# Task directions
Given the records underneath, please repeat exactly the lines from the line with "SegWit与Taproot" through the line with "運行問題步驟記錄器后首先要設置一下,點擊右邊的下拉菜單,進入設置窗口。", passing over any picture.
====== Extracted data
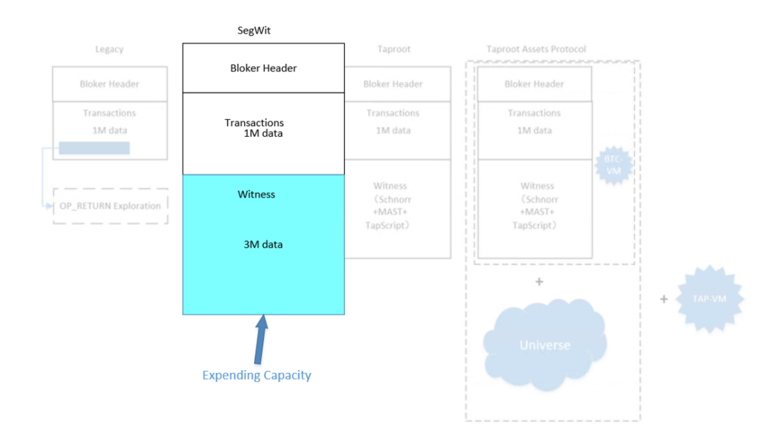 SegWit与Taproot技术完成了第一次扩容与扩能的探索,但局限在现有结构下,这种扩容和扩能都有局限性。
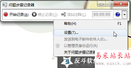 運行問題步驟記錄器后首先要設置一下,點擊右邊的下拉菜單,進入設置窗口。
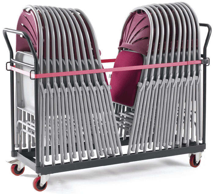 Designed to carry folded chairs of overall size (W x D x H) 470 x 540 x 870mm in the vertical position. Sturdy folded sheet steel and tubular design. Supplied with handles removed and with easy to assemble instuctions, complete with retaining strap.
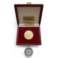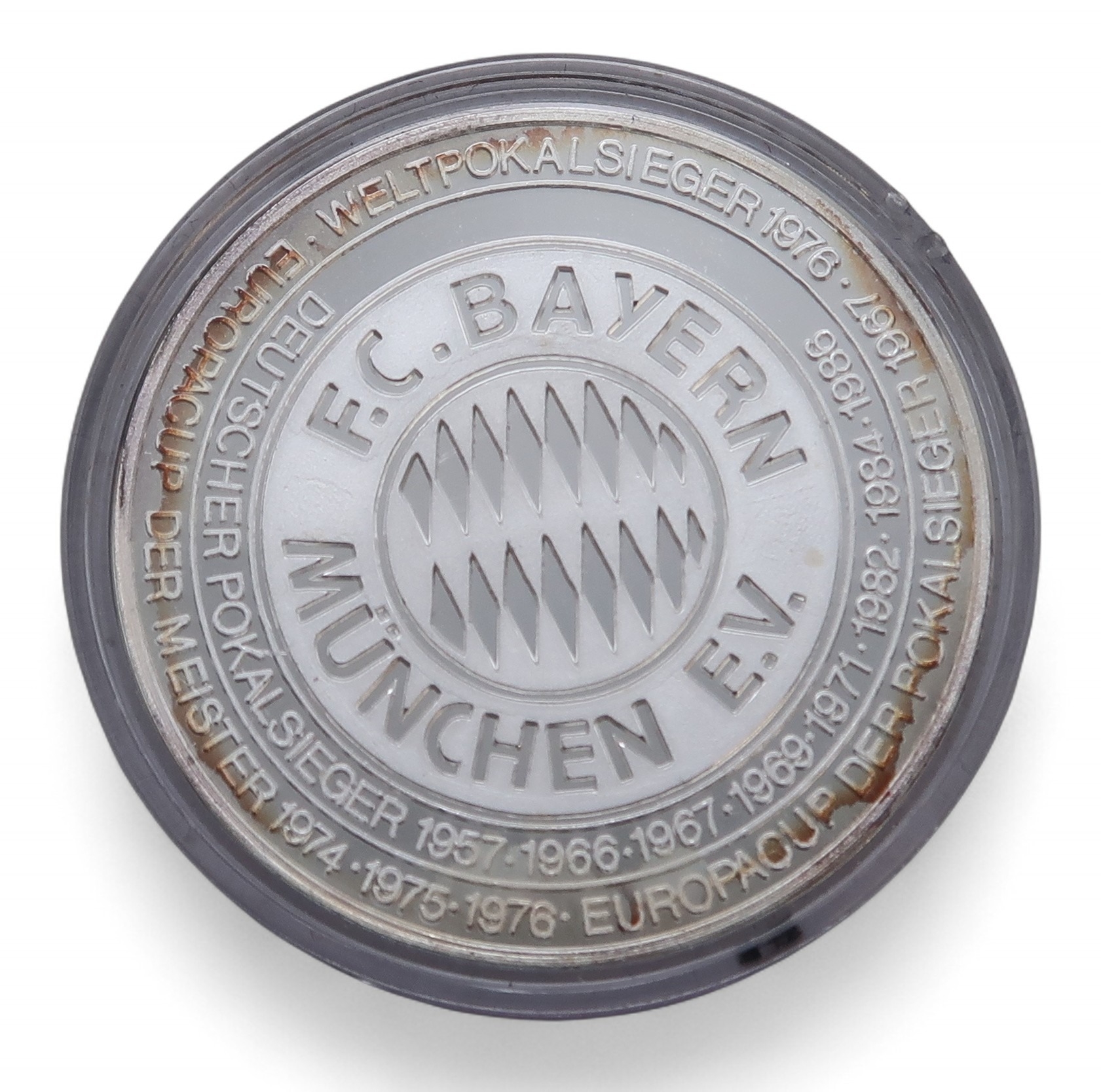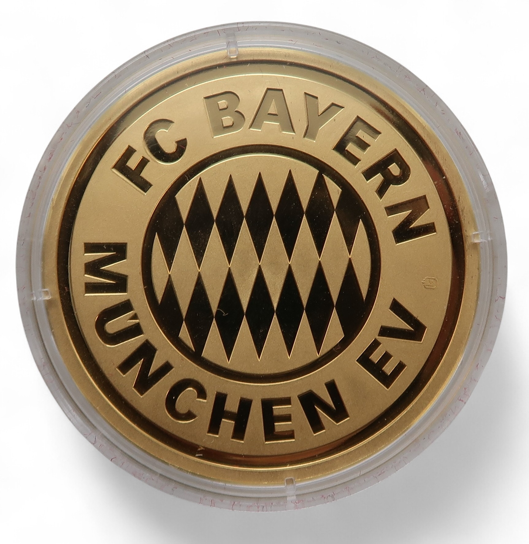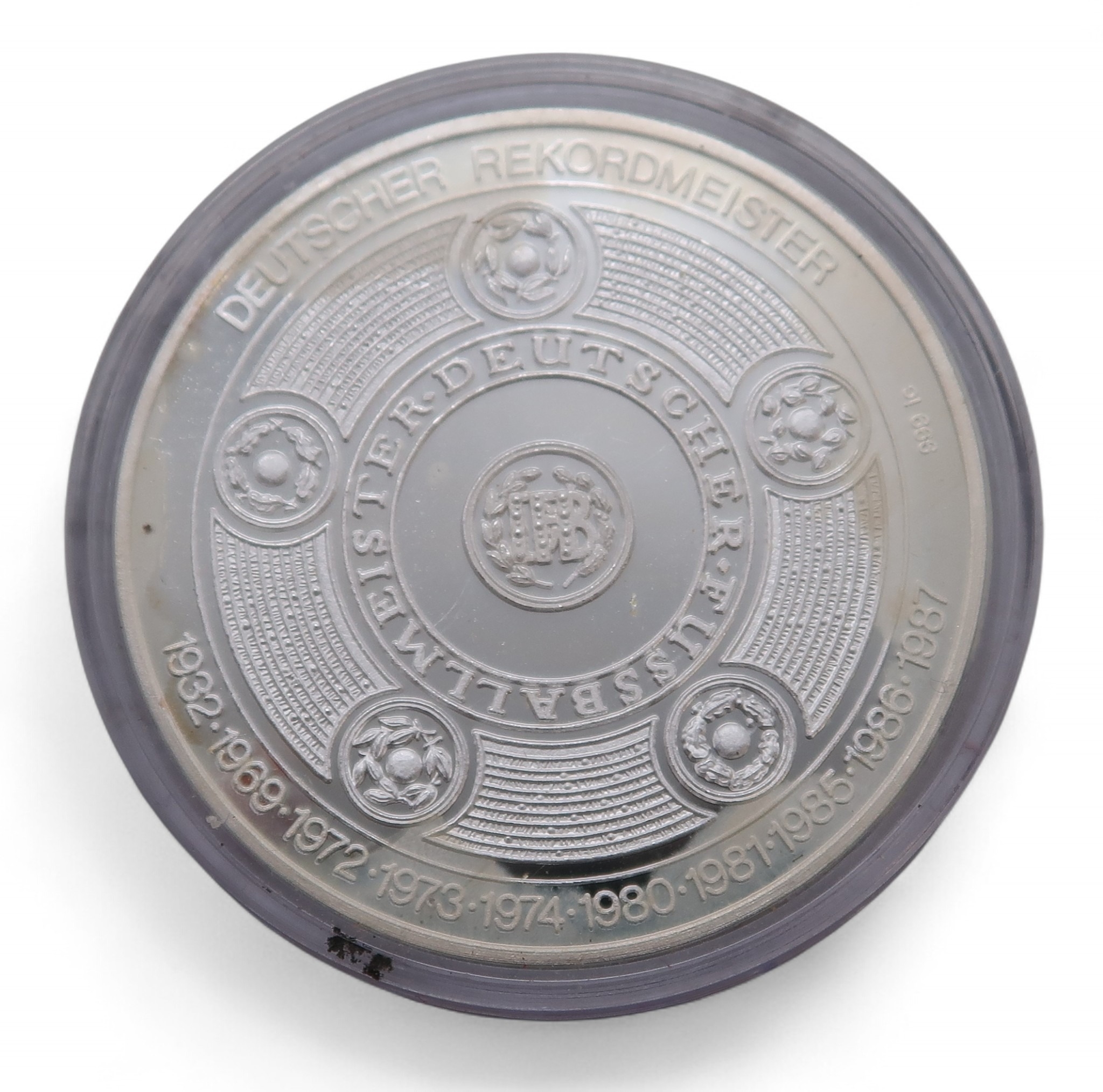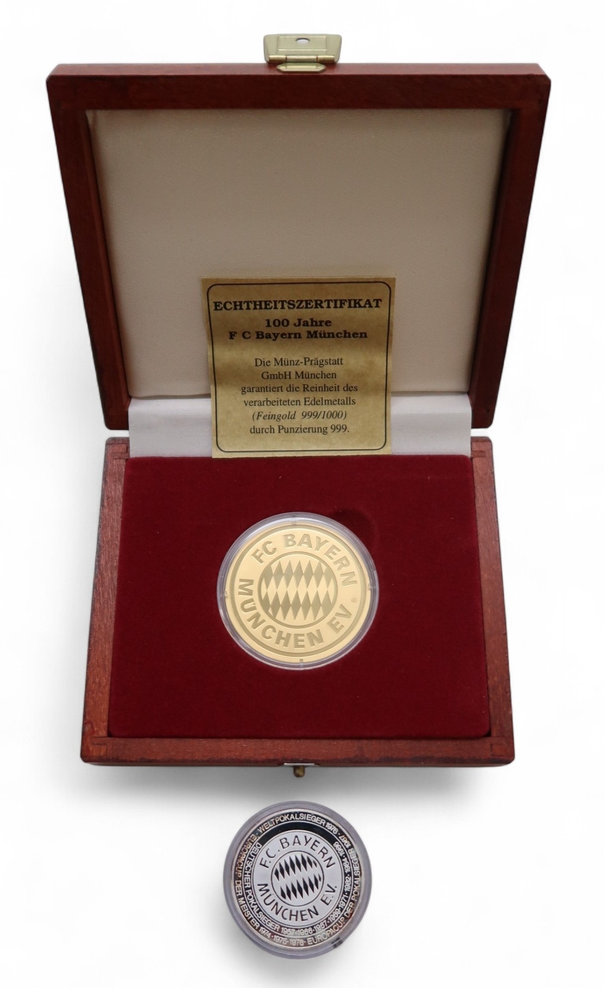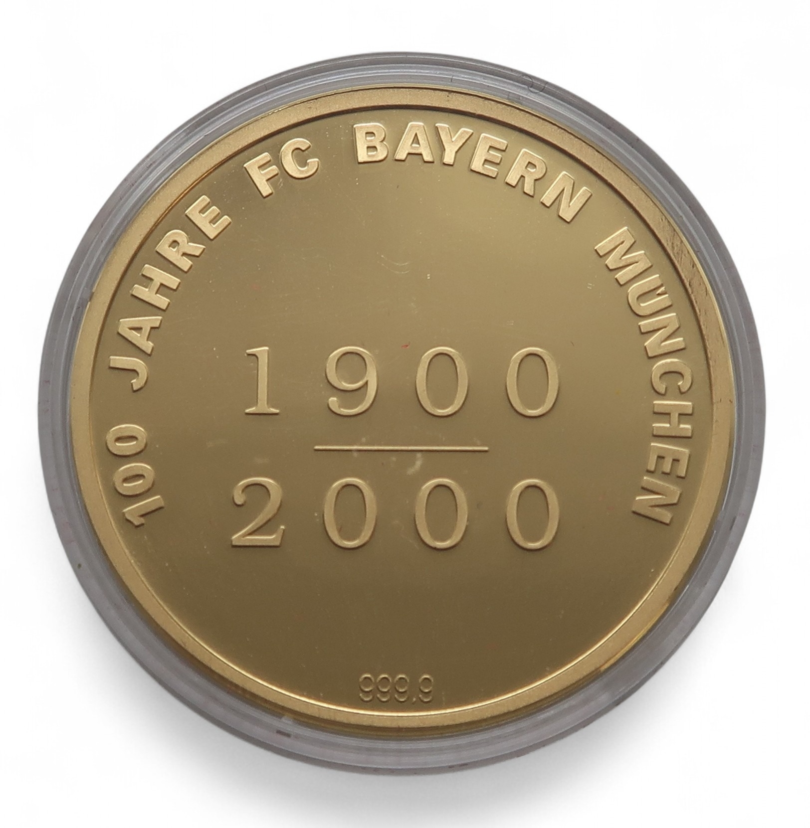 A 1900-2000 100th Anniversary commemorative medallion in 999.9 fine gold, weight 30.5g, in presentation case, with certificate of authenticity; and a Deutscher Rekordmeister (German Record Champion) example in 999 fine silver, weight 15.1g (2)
============
====== Extracted data
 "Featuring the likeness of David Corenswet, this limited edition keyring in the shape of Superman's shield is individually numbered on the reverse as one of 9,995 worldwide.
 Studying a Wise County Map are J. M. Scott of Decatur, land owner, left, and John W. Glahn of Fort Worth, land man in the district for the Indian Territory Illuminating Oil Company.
============
# Response
 SegWit与Taproot技术完成了第一次扩容与扩能的探索,但局限在现有结构下,这种扩容和扩能都有局限性。
 運行問題步驟記錄器后首先要設置一下,點擊右邊的下拉菜單,進入設置窗口。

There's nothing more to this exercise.